START DATA SUPPLIED
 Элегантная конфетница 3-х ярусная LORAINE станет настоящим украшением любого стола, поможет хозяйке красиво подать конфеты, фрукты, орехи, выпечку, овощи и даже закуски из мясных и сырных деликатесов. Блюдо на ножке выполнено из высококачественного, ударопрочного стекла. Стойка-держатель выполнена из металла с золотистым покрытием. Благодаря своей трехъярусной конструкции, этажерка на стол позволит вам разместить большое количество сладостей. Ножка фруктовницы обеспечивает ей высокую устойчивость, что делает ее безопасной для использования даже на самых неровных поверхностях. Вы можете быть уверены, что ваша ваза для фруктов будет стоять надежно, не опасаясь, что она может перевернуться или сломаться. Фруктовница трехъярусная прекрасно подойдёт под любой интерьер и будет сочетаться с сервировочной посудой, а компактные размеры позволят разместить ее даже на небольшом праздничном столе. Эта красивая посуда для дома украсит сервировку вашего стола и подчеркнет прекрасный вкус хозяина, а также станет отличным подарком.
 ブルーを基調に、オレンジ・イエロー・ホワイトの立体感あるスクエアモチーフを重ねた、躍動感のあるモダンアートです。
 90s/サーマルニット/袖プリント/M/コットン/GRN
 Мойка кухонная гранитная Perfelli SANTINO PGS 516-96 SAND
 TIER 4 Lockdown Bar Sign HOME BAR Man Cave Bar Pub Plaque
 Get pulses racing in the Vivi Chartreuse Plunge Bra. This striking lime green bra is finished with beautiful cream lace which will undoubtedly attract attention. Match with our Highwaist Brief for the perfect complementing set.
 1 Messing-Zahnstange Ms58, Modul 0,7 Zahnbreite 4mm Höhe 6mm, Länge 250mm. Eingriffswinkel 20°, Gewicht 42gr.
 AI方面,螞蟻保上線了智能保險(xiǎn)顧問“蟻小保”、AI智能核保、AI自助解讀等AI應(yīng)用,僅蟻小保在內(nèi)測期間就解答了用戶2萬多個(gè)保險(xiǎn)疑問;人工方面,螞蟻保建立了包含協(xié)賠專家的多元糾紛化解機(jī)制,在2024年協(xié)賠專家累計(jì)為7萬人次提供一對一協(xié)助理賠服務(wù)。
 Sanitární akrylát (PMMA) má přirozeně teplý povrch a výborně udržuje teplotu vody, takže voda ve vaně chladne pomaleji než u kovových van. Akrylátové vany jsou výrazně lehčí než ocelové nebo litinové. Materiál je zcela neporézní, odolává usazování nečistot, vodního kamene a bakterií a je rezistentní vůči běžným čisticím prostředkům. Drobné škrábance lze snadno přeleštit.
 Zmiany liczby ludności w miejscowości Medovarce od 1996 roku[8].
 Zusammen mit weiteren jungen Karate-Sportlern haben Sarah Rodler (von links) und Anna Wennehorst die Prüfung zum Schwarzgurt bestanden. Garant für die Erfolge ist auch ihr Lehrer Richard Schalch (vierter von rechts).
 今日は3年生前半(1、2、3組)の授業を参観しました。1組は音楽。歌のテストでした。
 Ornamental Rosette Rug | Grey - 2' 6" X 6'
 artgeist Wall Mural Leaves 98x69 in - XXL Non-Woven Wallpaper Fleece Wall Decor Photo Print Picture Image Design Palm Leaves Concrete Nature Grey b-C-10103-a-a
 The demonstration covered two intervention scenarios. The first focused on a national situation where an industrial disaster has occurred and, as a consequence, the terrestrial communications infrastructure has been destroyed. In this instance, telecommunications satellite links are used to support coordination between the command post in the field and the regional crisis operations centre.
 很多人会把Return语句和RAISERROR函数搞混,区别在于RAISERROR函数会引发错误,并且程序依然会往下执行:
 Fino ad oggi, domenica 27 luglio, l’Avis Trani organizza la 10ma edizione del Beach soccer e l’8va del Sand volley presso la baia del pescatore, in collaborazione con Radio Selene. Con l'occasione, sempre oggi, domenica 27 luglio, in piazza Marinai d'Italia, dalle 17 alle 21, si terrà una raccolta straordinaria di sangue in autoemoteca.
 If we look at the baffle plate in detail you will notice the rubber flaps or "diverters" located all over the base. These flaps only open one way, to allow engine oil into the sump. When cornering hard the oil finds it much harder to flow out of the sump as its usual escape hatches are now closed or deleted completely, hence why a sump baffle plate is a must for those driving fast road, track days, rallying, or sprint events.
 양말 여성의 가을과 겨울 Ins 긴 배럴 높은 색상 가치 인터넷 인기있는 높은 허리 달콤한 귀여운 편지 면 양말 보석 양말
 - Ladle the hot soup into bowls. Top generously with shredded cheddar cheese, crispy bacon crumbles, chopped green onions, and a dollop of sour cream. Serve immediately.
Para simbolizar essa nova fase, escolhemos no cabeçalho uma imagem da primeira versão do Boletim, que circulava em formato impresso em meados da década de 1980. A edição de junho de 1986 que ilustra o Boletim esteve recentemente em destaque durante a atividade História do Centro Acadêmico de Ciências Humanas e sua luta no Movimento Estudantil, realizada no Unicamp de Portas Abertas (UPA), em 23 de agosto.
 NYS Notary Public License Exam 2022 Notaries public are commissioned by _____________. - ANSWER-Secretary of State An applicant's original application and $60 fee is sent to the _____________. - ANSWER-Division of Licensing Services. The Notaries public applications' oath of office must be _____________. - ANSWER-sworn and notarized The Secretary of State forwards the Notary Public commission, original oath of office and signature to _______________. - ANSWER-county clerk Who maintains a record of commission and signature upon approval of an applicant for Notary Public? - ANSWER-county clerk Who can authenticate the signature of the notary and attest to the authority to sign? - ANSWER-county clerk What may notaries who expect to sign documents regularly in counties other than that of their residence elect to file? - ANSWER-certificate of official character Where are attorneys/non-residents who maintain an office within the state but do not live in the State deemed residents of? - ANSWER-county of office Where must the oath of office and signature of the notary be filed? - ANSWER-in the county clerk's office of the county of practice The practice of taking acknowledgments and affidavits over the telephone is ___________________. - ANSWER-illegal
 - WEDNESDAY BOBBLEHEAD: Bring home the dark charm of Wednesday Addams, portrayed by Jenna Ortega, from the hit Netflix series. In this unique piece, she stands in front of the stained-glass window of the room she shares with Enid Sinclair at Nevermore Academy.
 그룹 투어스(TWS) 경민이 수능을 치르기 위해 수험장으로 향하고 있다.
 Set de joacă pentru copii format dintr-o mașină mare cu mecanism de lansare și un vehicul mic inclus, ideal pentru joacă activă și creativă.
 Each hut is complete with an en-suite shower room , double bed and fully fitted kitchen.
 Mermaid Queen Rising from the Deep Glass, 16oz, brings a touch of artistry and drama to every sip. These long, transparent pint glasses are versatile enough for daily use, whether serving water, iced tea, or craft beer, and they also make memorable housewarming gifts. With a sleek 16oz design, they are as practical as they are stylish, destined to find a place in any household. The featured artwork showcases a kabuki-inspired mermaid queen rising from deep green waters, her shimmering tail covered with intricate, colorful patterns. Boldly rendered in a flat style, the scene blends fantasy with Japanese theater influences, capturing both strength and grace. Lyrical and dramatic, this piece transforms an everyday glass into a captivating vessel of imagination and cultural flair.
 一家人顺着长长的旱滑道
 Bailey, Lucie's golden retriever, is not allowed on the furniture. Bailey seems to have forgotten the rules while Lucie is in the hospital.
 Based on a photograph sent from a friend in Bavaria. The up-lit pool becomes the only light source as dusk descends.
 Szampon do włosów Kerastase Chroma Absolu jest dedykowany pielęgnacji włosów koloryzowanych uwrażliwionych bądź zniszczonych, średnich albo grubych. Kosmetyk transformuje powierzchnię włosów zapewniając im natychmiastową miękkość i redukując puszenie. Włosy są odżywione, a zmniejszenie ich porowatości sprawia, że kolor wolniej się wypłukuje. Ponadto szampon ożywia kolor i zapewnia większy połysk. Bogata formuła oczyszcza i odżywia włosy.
END DATA SUPPLIED
Repeat the material in full. Change nothing.

 Элегантная конфетница 3-х ярусная LORAINE станет настоящим украшением любого стола, поможет хозяйке красиво подать конфеты, фрукты, орехи, выпечку, овощи и даже закуски из мясных и сырных деликатесов. Блюдо на ножке выполнено из высококачественного, ударопрочного стекла. Стойка-держатель выполнена из металла с золотистым покрытием. Благодаря своей трехъярусной конструкции, этажерка на стол позволит вам разместить большое количество сладостей. Ножка фруктовницы обеспечивает ей высокую устойчивость, что делает ее безопасной для использования даже на самых неровных поверхностях. Вы можете быть уверены, что ваша ваза для фруктов будет стоять надежно, не опасаясь, что она может перевернуться или сломаться. Фруктовница трехъярусная прекрасно подойдёт под любой интерьер и будет сочетаться с сервировочной посудой, а компактные размеры позволят разместить ее даже на небольшом праздничном столе. Эта красивая посуда для дома украсит сервировку вашего стола и подчеркнет прекрасный вкус хозяина, а также станет отличным подарком.
 ブルーを基調に、オレンジ・イエロー・ホワイトの立体感あるスクエアモチーフを重ねた、躍動感のあるモダンアートです。
 90s/サーマルニット/袖プリント/M/コットン/GRN
 Мойка кухонная гранитная Perfelli SANTINO PGS 516-96 SAND
 TIER 4 Lockdown Bar Sign HOME BAR Man Cave Bar Pub Plaque
 Get pulses racing in the Vivi Chartreuse Plunge Bra. This striking lime green bra is finished with beautiful cream lace which will undoubtedly attract attention. Match with our Highwaist Brief for the perfect complementing set.
 1 Messing-Zahnstange Ms58, Modul 0,7 Zahnbreite 4mm Höhe 6mm, Länge 250mm. Eingriffswinkel 20°, Gewicht 42gr.
 AI方面,螞蟻保上線了智能保險(xiǎn)顧問“蟻小保”、AI智能核保、AI自助解讀等AI應(yīng)用,僅蟻小保在內(nèi)測期間就解答了用戶2萬多個(gè)保險(xiǎn)疑問;人工方面,螞蟻保建立了包含協(xié)賠專家的多元糾紛化解機(jī)制,在2024年協(xié)賠專家累計(jì)為7萬人次提供一對一協(xié)助理賠服務(wù)。
 Sanitární akrylát (PMMA) má přirozeně teplý povrch a výborně udržuje teplotu vody, takže voda ve vaně chladne pomaleji než u kovových van. Akrylátové vany jsou výrazně lehčí než ocelové nebo litinové. Materiál je zcela neporézní, odolává usazování nečistot, vodního kamene a bakterií a je rezistentní vůči běžným čisticím prostředkům. Drobné škrábance lze snadno přeleštit.
 Zmiany liczby ludności w miejscowości Medovarce od 1996 roku[8].
 Zusammen mit weiteren jungen Karate-Sportlern haben Sarah Rodler (von links) und Anna Wennehorst die Prüfung zum Schwarzgurt bestanden. Garant für die Erfolge ist auch ihr Lehrer Richard Schalch (vierter von rechts).
 今日は3年生前半(1、2、3組)の授業を参観しました。1組は音楽。歌のテストでした。
 Ornamental Rosette Rug | Grey - 2' 6" X 6'
 artgeist Wall Mural Leaves 98x69 in - XXL Non-Woven Wallpaper Fleece Wall Decor Photo Print Picture Image Design Palm Leaves Concrete Nature Grey b-C-10103-a-a
 The demonstration covered two intervention scenarios. The first focused on a national situation where an industrial disaster has occurred and, as a consequence, the terrestrial communications infrastructure has been destroyed. In this instance, telecommunications satellite links are used to support coordination between the command post in the field and the regional crisis operations centre.
 很多人会把Return语句和RAISERROR函数搞混,区别在于RAISERROR函数会引发错误,并且程序依然会往下执行:
 Fino ad oggi, domenica 27 luglio, l’Avis Trani organizza la 10ma edizione del Beach soccer e l’8va del Sand volley presso la baia del pescatore, in collaborazione con Radio Selene. Con l'occasione, sempre oggi, domenica 27 luglio, in piazza Marinai d'Italia, dalle 17 alle 21, si terrà una raccolta straordinaria di sangue in autoemoteca.
 If we look at the baffle plate in detail you will notice the rubber flaps or "diverters" located all over the base. These flaps only open one way, to allow engine oil into the sump. When cornering hard the oil finds it much harder to flow out of the sump as its usual escape hatches are now closed or deleted completely, hence why a sump baffle plate is a must for those driving fast road, track days, rallying, or sprint events.
 양말 여성의 가을과 겨울 Ins 긴 배럴 높은 색상 가치 인터넷 인기있는 높은 허리 달콤한 귀여운 편지 면 양말 보석 양말
 - Ladle the hot soup into bowls. Top generously with shredded cheddar cheese, crispy bacon crumbles, chopped green onions, and a dollop of sour cream. Serve immediately.
Para simbolizar essa nova fase, escolhemos no cabeçalho uma imagem da primeira versão do Boletim, que circulava em formato impresso em meados da década de 1980. A edição de junho de 1986 que ilustra o Boletim esteve recentemente em destaque durante a atividade História do Centro Acadêmico de Ciências Humanas e sua luta no Movimento Estudantil, realizada no Unicamp de Portas Abertas (UPA), em 23 de agosto.
 NYS Notary Public License Exam 2022 Notaries public are commissioned by _____________. - ANSWER-Secretary of State An applicant's original application and $60 fee is sent to the _____________. - ANSWER-Division of Licensing Services. The Notaries public applications' oath of office must be _____________. - ANSWER-sworn and notarized The Secretary of State forwards the Notary Public commission, original oath of office and signature to _______________. - ANSWER-county clerk Who maintains a record of commission and signature upon approval of an applicant for Notary Public? - ANSWER-county clerk Who can authenticate the signature of the notary and attest to the authority to sign? - ANSWER-county clerk What may notaries who expect to sign documents regularly in counties other than that of their residence elect to file? - ANSWER-certificate of official character Where are attorneys/non-residents who maintain an office within the state but do not live in the State deemed residents of? - ANSWER-county of office Where must the oath of office and signature of the notary be filed? - ANSWER-in the county clerk's office of the county of practice The practice of taking acknowledgments and affidavits over the telephone is ___________________. - ANSWER-illegal
 - WEDNESDAY BOBBLEHEAD: Bring home the dark charm of Wednesday Addams, portrayed by Jenna Ortega, from the hit Netflix series. In this unique piece, she stands in front of the stained-glass window of the room she shares with Enid Sinclair at Nevermore Academy.
 그룹 투어스(TWS) 경민이 수능을 치르기 위해 수험장으로 향하고 있다.
 Set de joacă pentru copii format dintr-o mașină mare cu mecanism de lansare și un vehicul mic inclus, ideal pentru joacă activă și creativă.
 Each hut is complete with an en-suite shower room , double bed and fully fitted kitchen.
 Mermaid Queen Rising from the Deep Glass, 16oz, brings a touch of artistry and drama to every sip. These long, transparent pint glasses are versatile enough for daily use, whether serving water, iced tea, or craft beer, and they also make memorable housewarming gifts. With a sleek 16oz design, they are as practical as they are stylish, destined to find a place in any household. The featured artwork showcases a kabuki-inspired mermaid queen rising from deep green waters, her shimmering tail covered with intricate, colorful patterns. Boldly rendered in a flat style, the scene blends fantasy with Japanese theater influences, capturing both strength and grace. Lyrical and dramatic, this piece transforms an everyday glass into a captivating vessel of imagination and cultural flair.
 一家人顺着长长的旱滑道
 Bailey, Lucie's golden retriever, is not allowed on the furniture. Bailey seems to have forgotten the rules while Lucie is in the hospital.
 Based on a photograph sent from a friend in Bavaria. The up-lit pool becomes the only light source as dusk descends.
 Szampon do włosów Kerastase Chroma Absolu jest dedykowany pielęgnacji włosów koloryzowanych uwrażliwionych bądź zniszczonych, średnich albo grubych. Kosmetyk transformuje powierzchnię włosów zapewniając im natychmiastową miękkość i redukując puszenie. Włosy są odżywione, a zmniejszenie ich porowatości sprawia, że kolor wolniej się wypłukuje. Ponadto szampon ożywia kolor i zapewnia większy połysk. Bogata formuła oczyszcza i odżywia włosy.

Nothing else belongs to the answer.